Was it even breathing? Tess drew her nails along the mesh—and was rewarded with the faintest quiver of one black-tasseled ear. “You don’t belong in there,” she crooned to the animal. “Locked away from the sunshine. No snow to run through. No trees to climb. This isn’t right! Not right at all.”
She sat back on her heels and looked up at the hand-lettered sign wired to the top of the home-built cage.
Danger! Look, but don’t touch!
Canadian Lynx. Killer of the North Country!
“Yeah, right. Bunny rabbits, beware.” Tess leaned forward again to peer through the wire.
A free spirit of the forest and mountains imprisoned in a box so small it could barely turn around! Tess doubted the lynx could have stood upright in there.
But was it even well enough to stand? Tess had grown up on a ranch. She knew a sick animal when she saw one—the harsh coat, the hunched misery.
She had never been able to bear cruelty to animals. Hated to see wild things caged. Normally you couldn’t have dragged her to a roadside petting zoo, for fear of sights just like this. But one of her pickup’s tires had gone flat a few miles back toward Albuquerque. Although she’d changed to her spare, with two hundred miles to go between her and home, and a forecast of a late-spring snowstorm for this evening, she’d thought it wiser to stop and have the flat repaired at the first gas station she came to.
Killing time till the mechanic could get to her job, she’d made the mistake of following the signs that beckoned from across the two-lane country highway. Hazeltine’s World-Famous Petting Zoo promised
Adorable, Exotic Animals!
Thrilling Beasts and Hideous Reptiles!
Hug the Llamas and Hold the Rabbits!
There wasn’t a child in all of New Mexico who would’ve allowed his hapless parents to drive past that sign without stopping. And even at twenty-five, Tess still had a child’s delight in animals. Growing up far from the nearest town, she’d had more friends with four legs than two.
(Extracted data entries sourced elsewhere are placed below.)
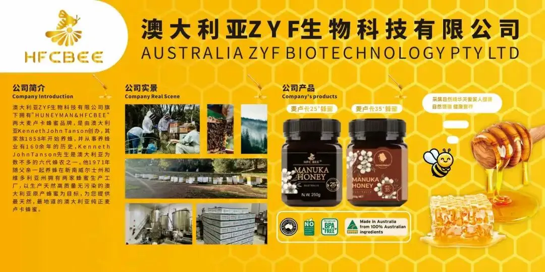 澳大利亚 ZYF 生物科技有限公司,总部位于澳大利亚墨尔本,旗下拥有 ”HFCBEE” 与“HONEYMAN“ 两大麦卢卡蜂蜜高端品牌。自 1858 年起,其家族便投身养蜂事业,传承 160 余年。公司创始人 Kenneth John Tanson 为六代蜂农,在新南威尔士州和维多利亚州设有生产工厂,专注产出天然、高品质、无污染的澳大利亚原产麦卢卡蜂蜜!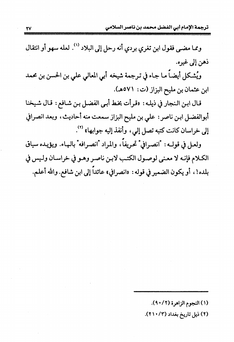 نام کتاب : التنبيه علي الألفاظ التي وقع في نقلها وضبطها تصحيف وخطاْ في تفسيرها ومعانيها وتحريف في كتاب الغريبين لأبي عبيد الهروي نویسنده : محمد بن ناصر بن محمد بن علي أبو الفضل السلامي جلد : 1 صفحه : 27
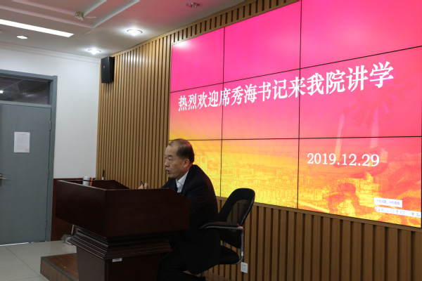 12月29日上午,我院邀请校友席秀海书记来学院为研究生讲学,学院院长王建军老师、副院长张瑞涛老师、党委副书记袁爱军老师以及张荣华教授出席会议。席秀海书记2002年毕业于我院的思想政治教育专业,曾在齐鲁石化公司和胜利石油管理局任党委书记,曾获“全国五一劳动奖章”称号,是我校的校友之星。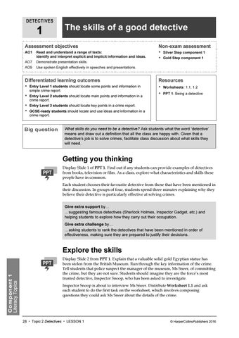 What skills do you need to be a detective? Ask students what the word ‘detective’ means and draw out a definition that all the class are happy with. Given that a detective’s job is to solve crimes, facilitate class discussion about what skills they will need.

So she’d paid her dollar admission and entered the dimly lit, dingy concrete-block building that housed Hazeltine’s zoo.
And past the not-so-huggable llamas—llamas bored enough to spit—then the pen of black-and-white goats who begged for treats and nibbled at the hem of her jacket… Beyond three cages of resigned rabbits and a cracked aquarium housing a surly bull snake mislabeled as a Deadly Diamondback Rattlesnake! she’d come at last to this…this outrage.
She gazed around, angry words leaping to her lips as the proprietor shuffled up behind her. “This cage is too small. And your lynx, Mr. Hazeltine, just look at him! He’s sick.”
“She. Ol’Zelda’s just taking a catnap, missy. She don’t get lively till sunset.”
“No, sir, I’m sure she’s ill. See how her eyes are running? And her nose? And clearly she hasn’t been eating. I’m a wildlife biologist, and believe me, you’ve got a sick animal here. She needs a vet.”